Ukraine is engaging with international institutions and other investors to start rebuilding the country, while the end of current conflicts are not yet in sight, and uncertainties surrounding the county’s post war settlement continue.

The European Bank for Reconstruction and Development (EBRD) has been discussing options with stakeholders, particularly with the European Union, to bring back investors to Ukraine through partial guarantees offered on green bonds to kick-start the market, said associate director Denis Gaiovy.

Key priorities for the war-torn country are keeping up economic growth and establishing a defence industry, he added during a panel discussion at the IPE Annual Conference and Awards in Vienna.

EBRD invested €1.5bn at the start of the war to support energy security and vital infrastructure, transport, the agricultural sector and private business. It has reached its €3bn financing target for 2022-23, it said in a statement in October.

“Building back better is happening now,” Gaiovy said, adding that investments so far have helped the Ukrainian economy adjust to the reality of war. Ukraine’s gross domestic product will grow 4.8% this year, and 3.7% next year, according to the European Commission’s economic outlook.

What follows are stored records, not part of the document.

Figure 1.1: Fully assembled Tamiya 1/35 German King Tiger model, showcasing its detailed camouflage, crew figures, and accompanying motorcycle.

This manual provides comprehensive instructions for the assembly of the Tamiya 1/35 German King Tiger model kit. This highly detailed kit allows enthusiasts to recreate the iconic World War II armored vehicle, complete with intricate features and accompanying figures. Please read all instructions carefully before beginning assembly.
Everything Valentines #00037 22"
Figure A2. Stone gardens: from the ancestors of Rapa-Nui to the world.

Referring to agriculture and food security, Gaiovy underlined that the harvest for this year is bigger than last year’s, and that the export of grain from the Black Sea port of Odessa continues.

The Ukrainian government has also engaged with BlackRock and JP Morgan to set up a development fund to steer public and private capital into projects to rebuild the county.

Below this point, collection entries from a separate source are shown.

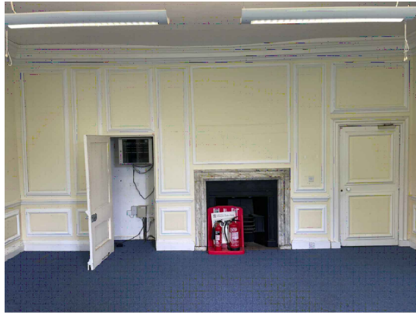
EXISTING OFFICE 5 PHOTOGRAPH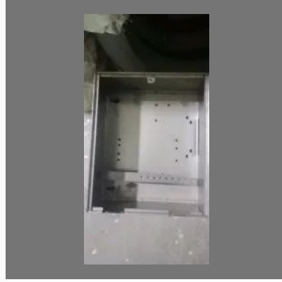
45 Matel Heavy Box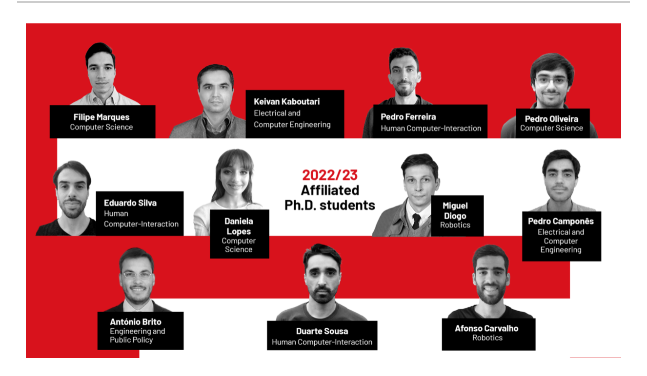
CMU Portugal has new 11 Affiliated Ph.D. students

The CMU Portugal Program welcomes a new group of 11 students selected under the second edition of the Affiliated Ph.D. Programs, starting their studies in the 2022/23 academic year. This initiative offers Ph.D. scholarships in selected cutting-edge areas of Information and Communication Technologies (ICT), related to the scope of the CMU Portugal Program.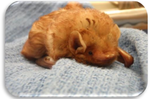
This little cutie is an Eastern Red Bat. Despite the negative stereotypes, bats are very beneficial due to the vast number of insects they eat.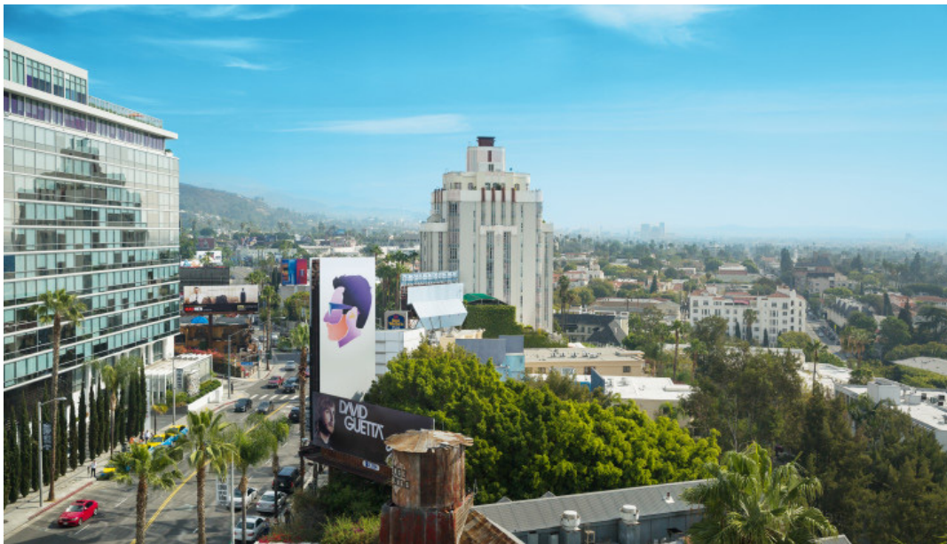
A billboard of Self Portrait, 2013, on L.A.'s Sunset Strip

The European Investment Bank (EIB) has opened a regional hub for Eastern Europe, based in Kyiv, approving a €450m recovery facility under the EIB’s EU for Ukraine Fund, it said this week.

The European Parliament recently endorsed a proposal to create a €50bn for Ukraine’s recovery and reconstruction from 2024.

According to Yuri Poluneev, international economist and former deputy head of the supervisory board of the National Bank of Ukraine, funds less sensitive to risks, like government grants or concessions loans provided by Ukrainian allies, would help rebuild the country in a first stage, and private capital in a second stage.

He added that Ukraine’s EU accession will drive and speed up reconstruction efforts but, realistically, he does not expect an unlimited amount of funds ready to flow into the war-torn country.

Ivan Krastev, chair of the Centre for Liberal Strategies, said Ukraine is betting on private investments to also  send the message that the country is investable, despite the war.

Investors might face challenges, for example when investing in infrastructure or businesses that can come under attack from Russian shelling, or because of difficulties monitoring corruption during the war.

Meanwhile, the war has entered its third phase, after the invasion of Crimea and the failed ’special operation’, as Vladimir Putin called it, launched to conquer Kiev in a few weeks. Now it is a “war in Ukraine but not about Ukraine”, defined by an unending stand-off with the West similar to the Cold War, Krastev said.

This means that a reconstruction based on a formal end of the war might not start soon, he added. “[Instead], keeping Ukraine functional and an economically growing country, in a moment in which the war has at least not formally ended, should be one of the priorities,”  he said.

For example, establishing safe economic areas, so that investors perceive an environment secure enough to deploy capital, he concluded.